- Born: December 12, 1903 Winnipeg, Manitoba
- Died: December 5, 2005 (aged 101)
- Occupations: Canadian frontier teacher, land surveyor, and soldier
- Awards: Order of Canada Order of the British Empire Order of British Columbia

= Gerald Smedley Andrews =

Canadian eduacator and soldier (1903–2005)

OBC ribbon

Gerald Smedley Andrews, (December 12, 1903 - December 5, 2005) was a Canadian frontier teacher, land surveyor, and soldier.

Born in Winnipeg, Manitoba, he was educated in Vancouver, Toronto, Oxford, and Dresden. From 1922 to 1930, he was a school master at Big Bar Creek and Kelly Lake. In 1930, he became a land surveyor until World War II, specializing in the use of aerial photography applied to forestry. During World War II, he rose to the rank of Lieutenant-Colonel, commanding a section that was responsible for mapping Normandy beaches before D-Day using his aerial photogrammetry experience from British Columbia. From 1946 to 1950, he served as Chief Air Survey Engineer for British Columbia.
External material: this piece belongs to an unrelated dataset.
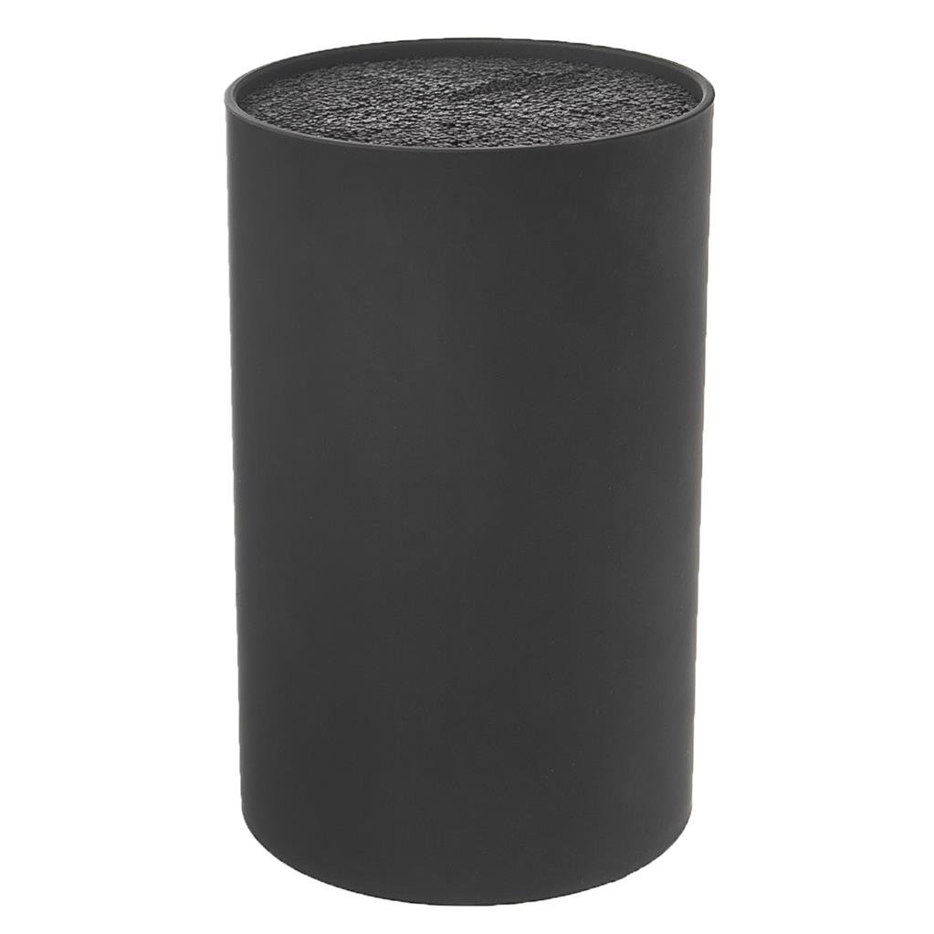 Stojan na nože s plastovými štětinami brání poškrábání vložených nožů i dalších kuchyňských pomůcek - nůžky, škrabky... Při čištění štětiny jednoduše ze stojanu vyjmeme. Materiál: plast. Barva bílá a černá. Rozměry v. 18 cm, pr. 11 cm.

From 1952 to 1968, he was the Surveyors General of the Province of British Columbia and Director of Mapping and Provincial Boundaries Commissioner.

For his services, during World War II, he was made a Member of the Order of the British Empire. In 1990, he was awarded the Order of British Columbia and was made a Member of the Order of Canada. He died at age 101 in December 2005.